# Supplied material
⟨

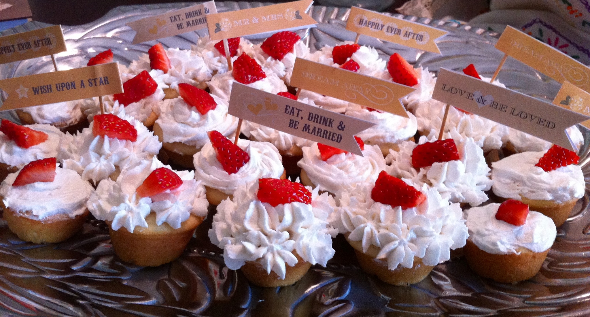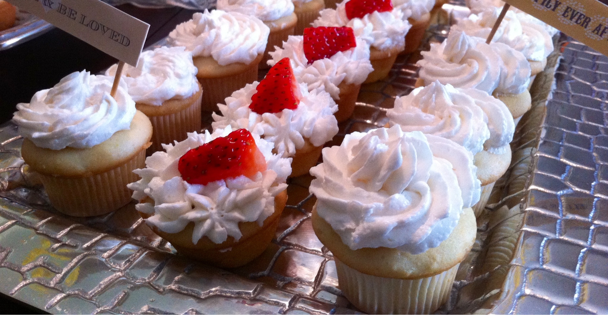 One of the best combinations, Champagne + Strawberries just got better…with cupcakes! I made these a while back for a wedding party for dear friends. The cupcake recipe was very simple, and I may have added a bit more champagne to the icing recipe! After baking and icing the cupcakes, I garnished each with a slice of fresh strawberry. Then, my creative brain dediced to  fill half of the cupcakes with strawberry jam for a flavorful punch. By punching holes into the center of each cupcake with a straw, I squeezed the jam into the center with an icing dispenser. Then, I decorated the tops with champagne icing.   I made over 100 cupcakes, and I was very pleased to take home empty platters.
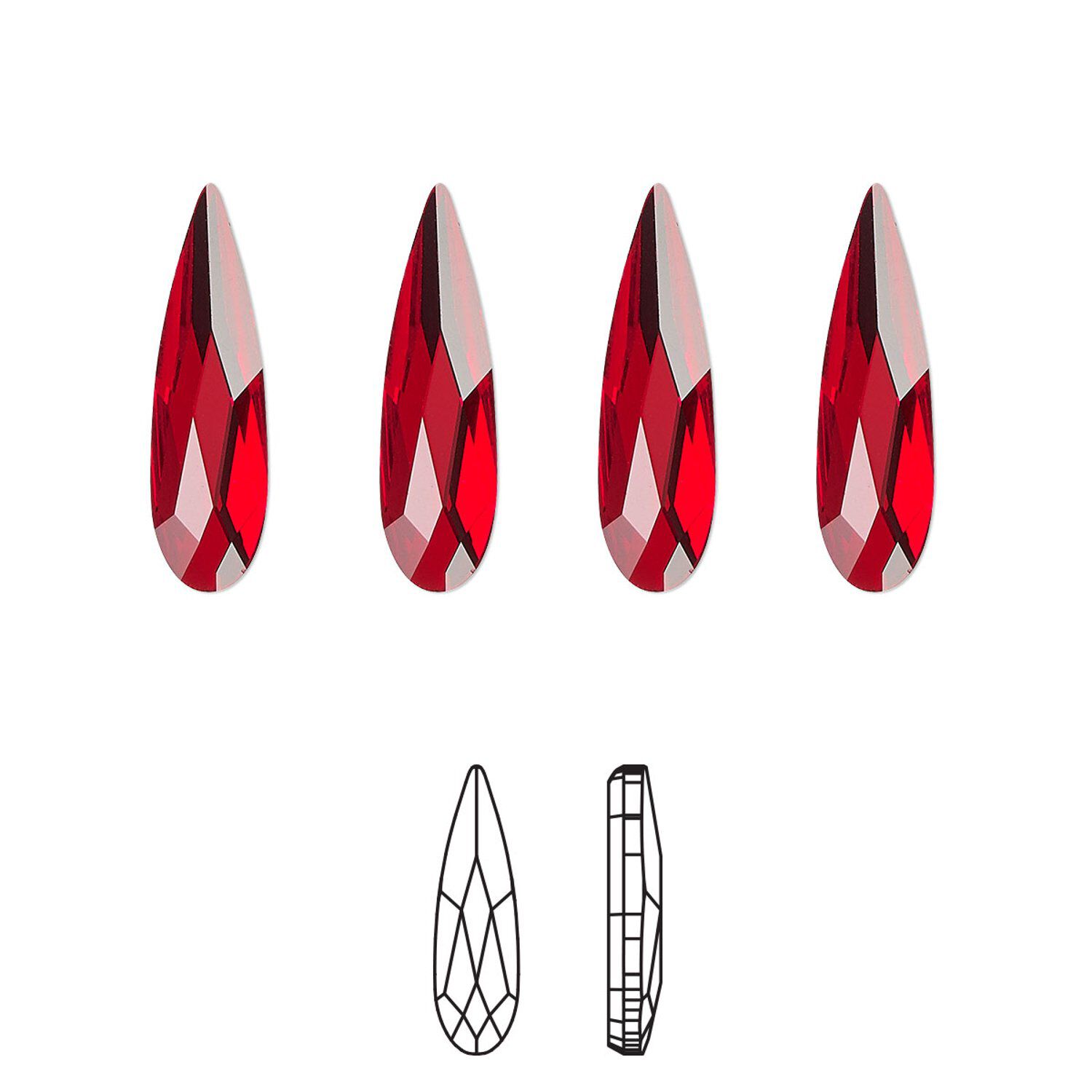 Flat back 24pk light Siam foil back, Crystal Passions® 14x3.9mm raindrop 2304
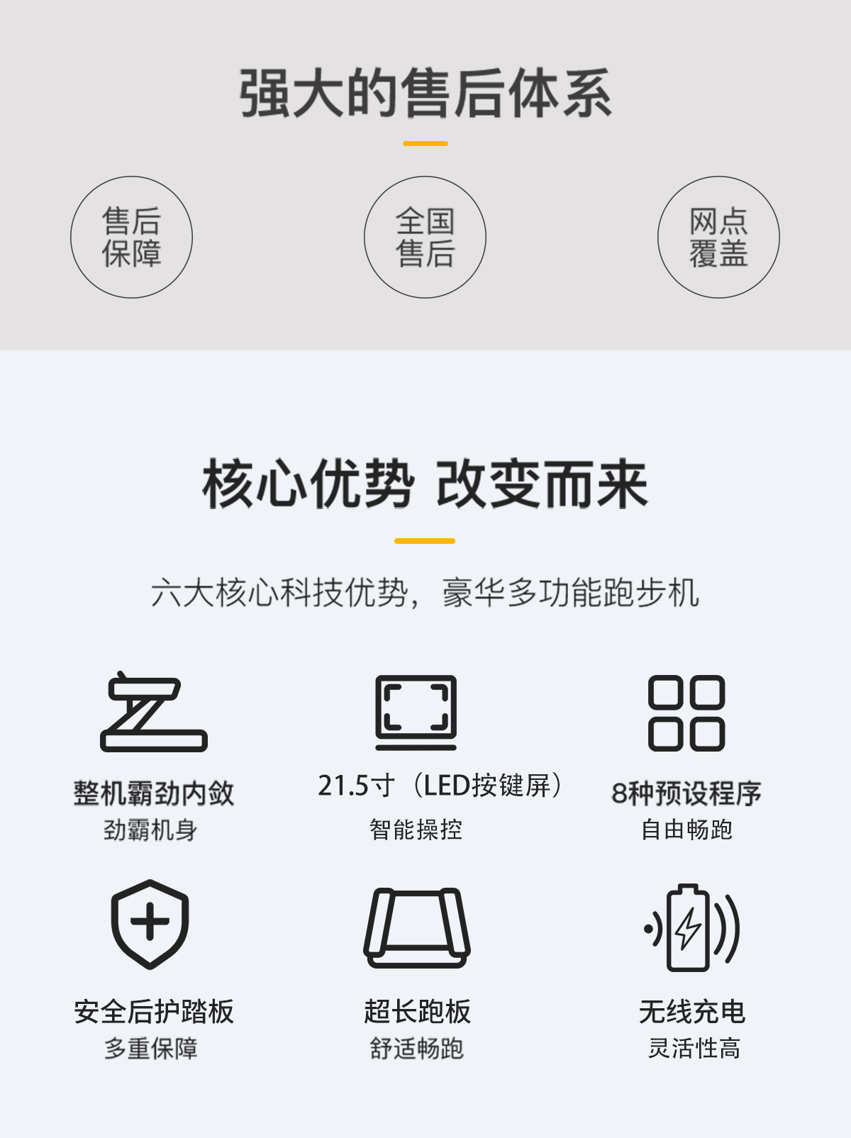 擁有四大產品保險、8種預設程序、超長跑板、無線充電、四重減震技術及自潤滑功能
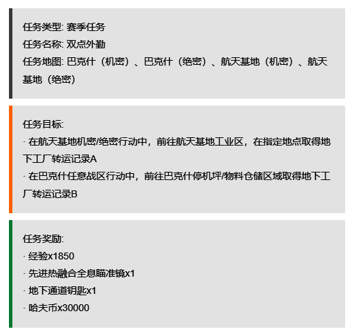 在航天基地机密/绝密行动中,前往航天基地工业区,在指定地点取得地下工厂转运记录A。
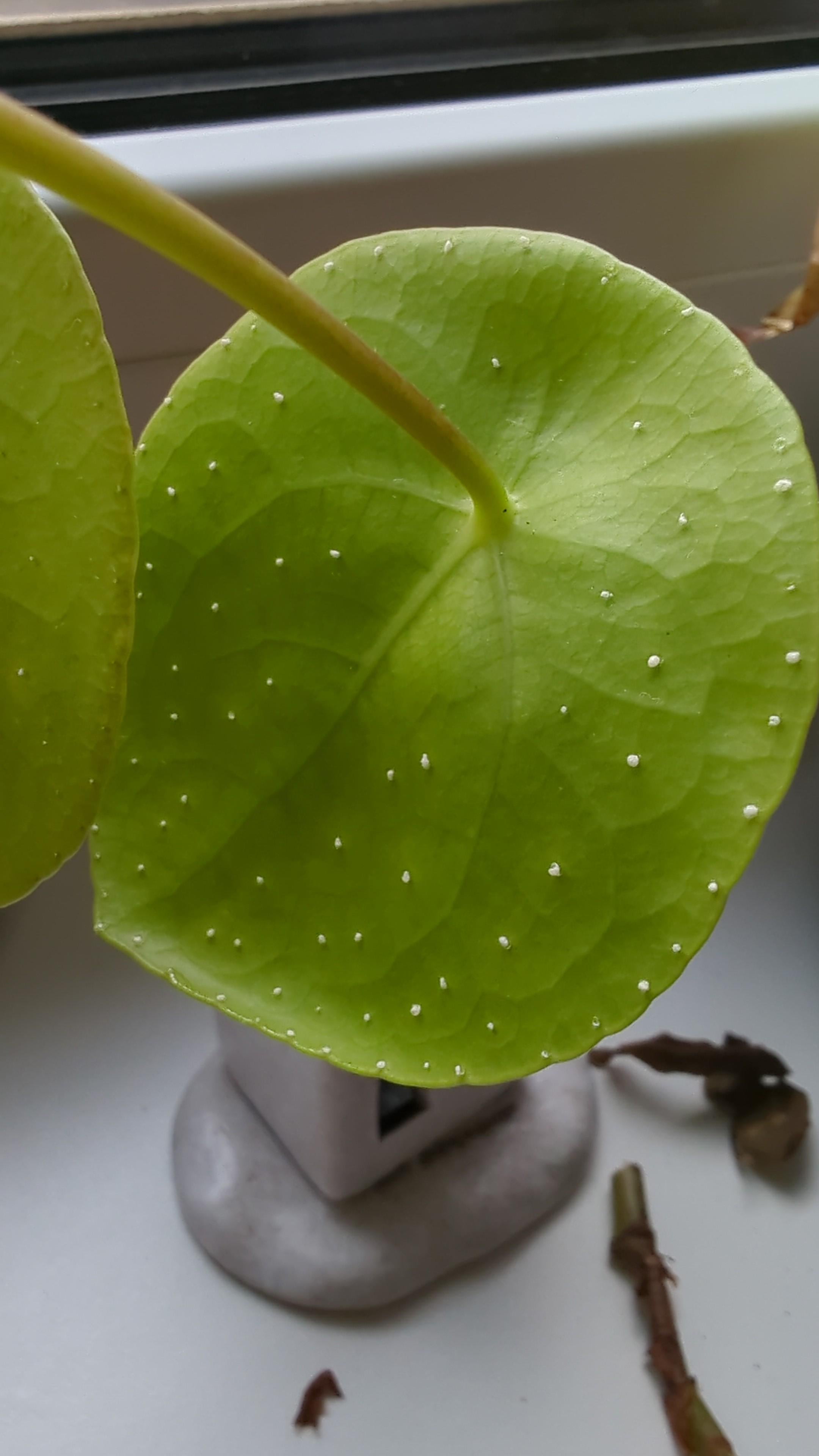 müssten Mineralien von verdunstetem Wasser sein. Pileas scheiden überschüssige Flüssigkeit aus Poren in den Blättern aus und die Mineralien aus dem Wasser bleiben zurück.
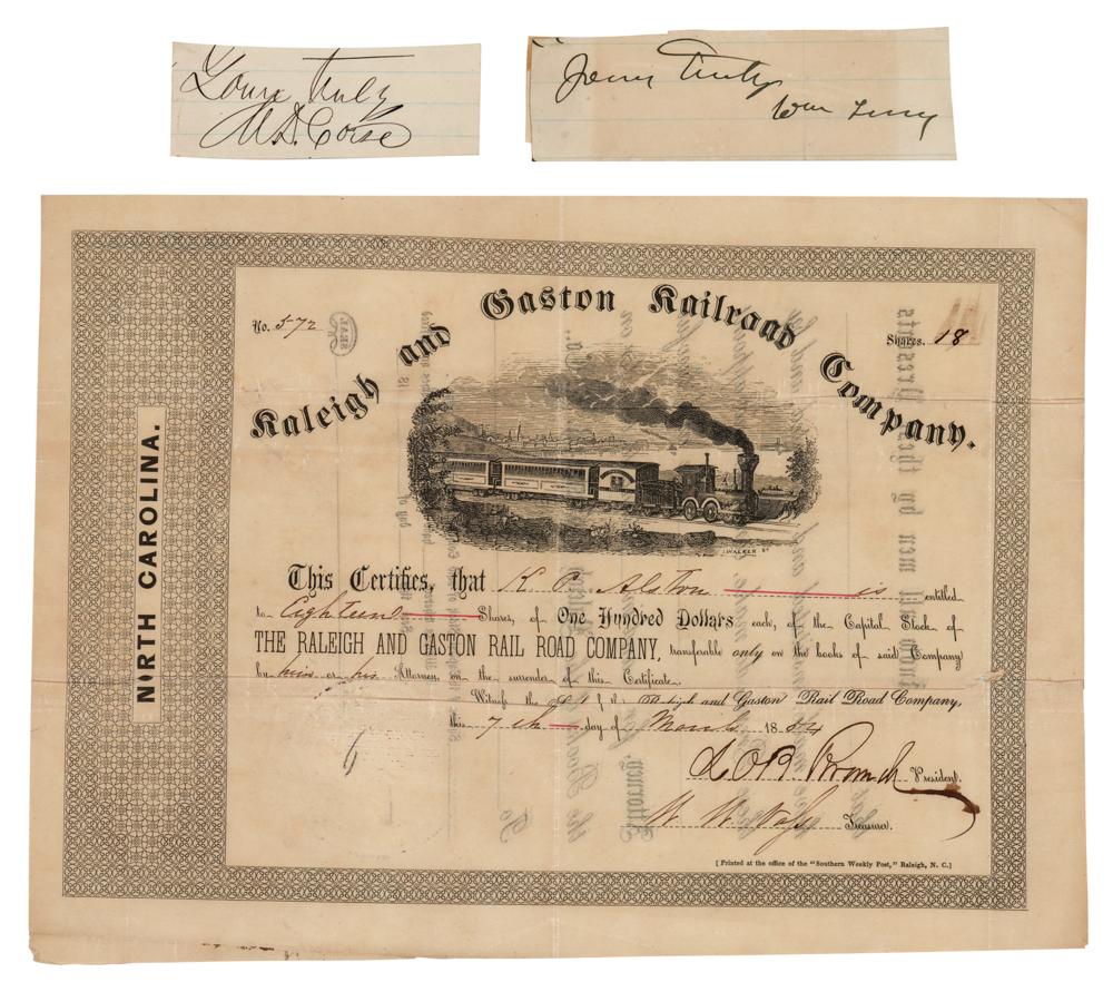 DS signed “L. O. B. Branch,” one page, 10.75 x 8, March 7, 1854, a stock certificate for 18 shares of the Raleigh and Gaston Railroad Company, signed by Lawrence O'Bryan Branch as president and William W. Vass as treasurer. Branch (1820-1862) graduated first in his class at Princeton in 1838, fought in the Seminole Wars, and was a U.S. Congressman when the Civil War began. As the senior brigadier general in Genl. A. P. Hill's Division (Stonewall Jackson's Corps), he saved General Robert E. Lee's right flank from defeat at the battle of Antietam. After the battle, while speaking with Generals Hill and Lee, he was shot through the head by a Union sharpshooter, killing him instantly. Branch is quite scarce in autograph form.
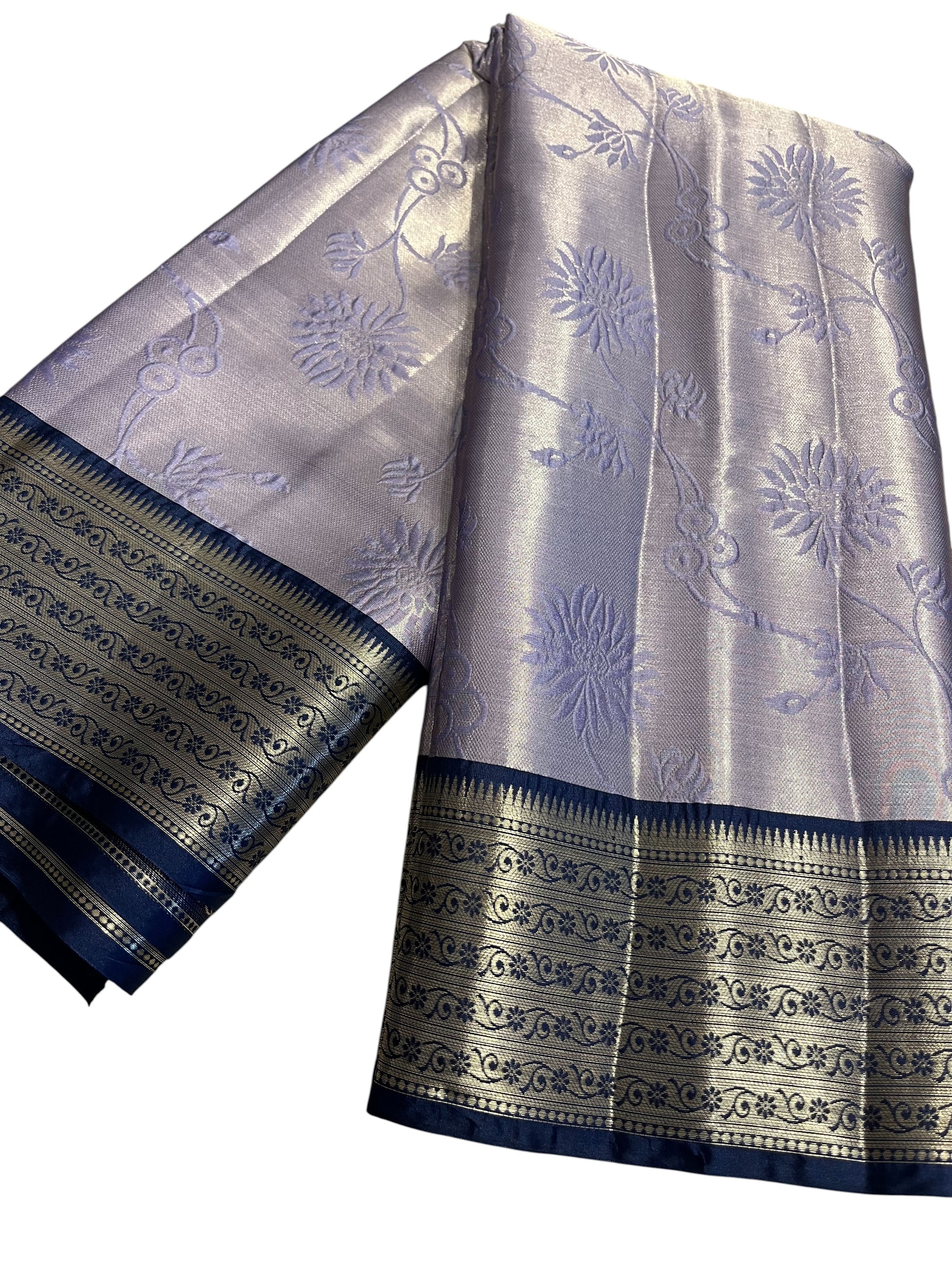 Southloom Tissue Silk Saree with Woven Work on Body and Borders (Blue & Lavendar)
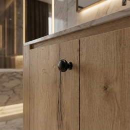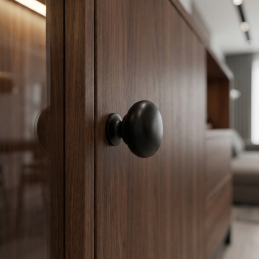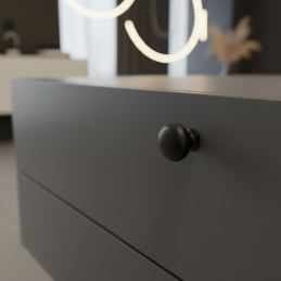 Az VALEA bútorgomb elegáns matt fekete kivitelben egyszerű és stílusos kiegészítő, amely különféle bútorokhoz alkalmas. Klasszikus lekerekített formájának és matt felületének köszönhetően modern és időtlen hatást kelt, könnyen kombinálható fa dekorral, fehér és sötét bútorokkal is.
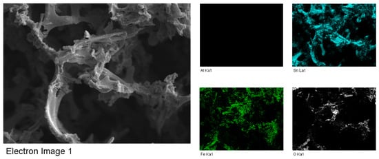 SEM image with EDS mapping illustrating a characteristic structure containing O, Sn, and Fe found in the Al-9Sn-1Fe alloy samples post-hydrogen evolution test.
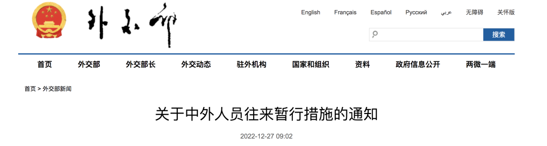 12月27日,国务院应对新型冠状病毒感染疫情联防联控机制外事组发布《关于中外人员往来暂行措施的通知》。
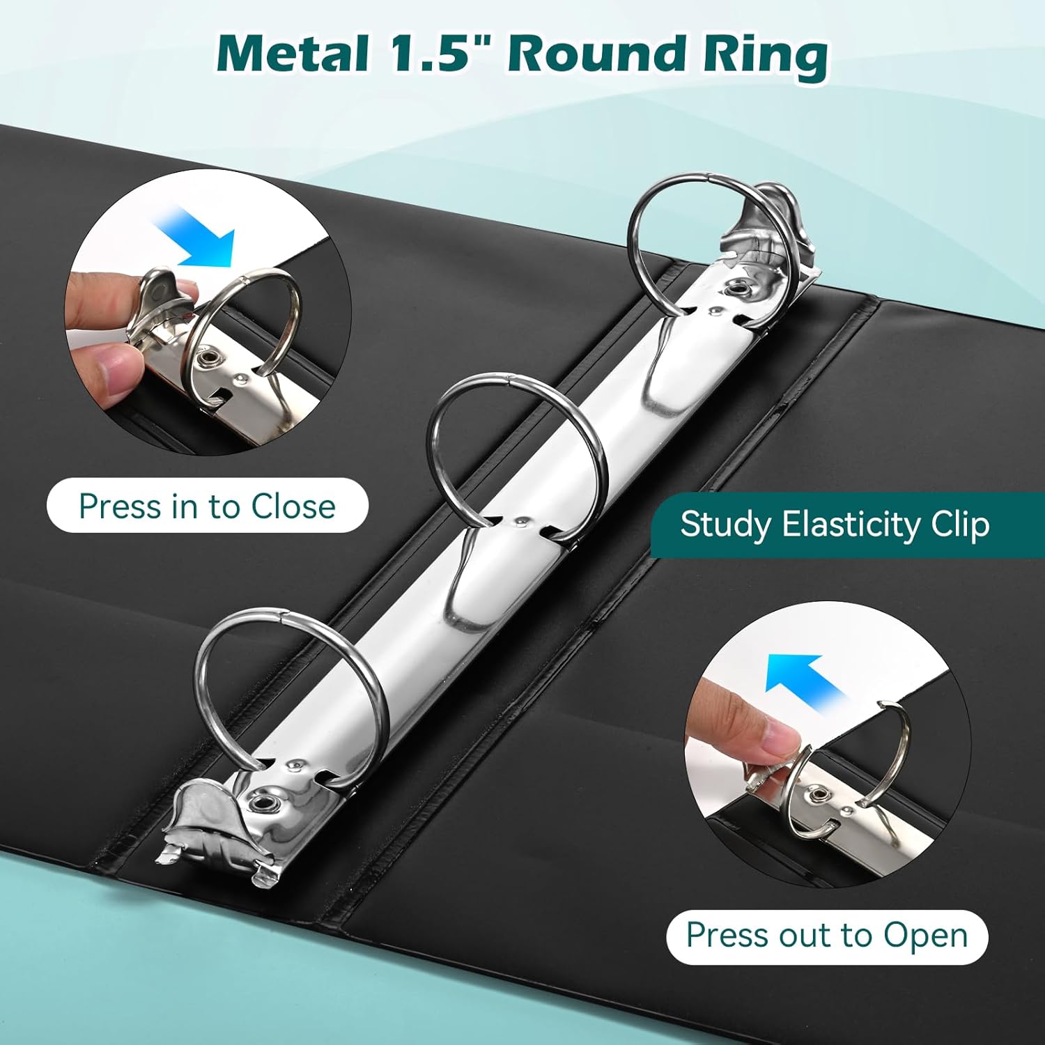 - 6 Pack 1.5" Black Binder: Come with 6 Bulk 1.5 inch binders with round ring, these binders are a great choice and money saving when planning for budgets, presentations, conferences and more

⟩

# Your instructions
Return exactly the stretch above whose first line contains "Flat back 24pk" and whose last line contains "müssten Mineralien von", and nothing outside it. The pictures should not appear.

# Answer section
 Flat back 24pk light Siam foil back, Crystal Passions® 14x3.9mm raindrop 2304
 擁有四大產品保險、8種預設程序、超長跑板、無線充電、四重減震技術及自潤滑功能
 在航天基地机密/绝密行动中,前往航天基地工业区,在指定地点取得地下工厂转运记录A。
 müssten Mineralien von verdunstetem Wasser sein. Pileas scheiden überschüssige Flüssigkeit aus Poren in den Blättern aus und die Mineralien aus dem Wasser bleiben zurück.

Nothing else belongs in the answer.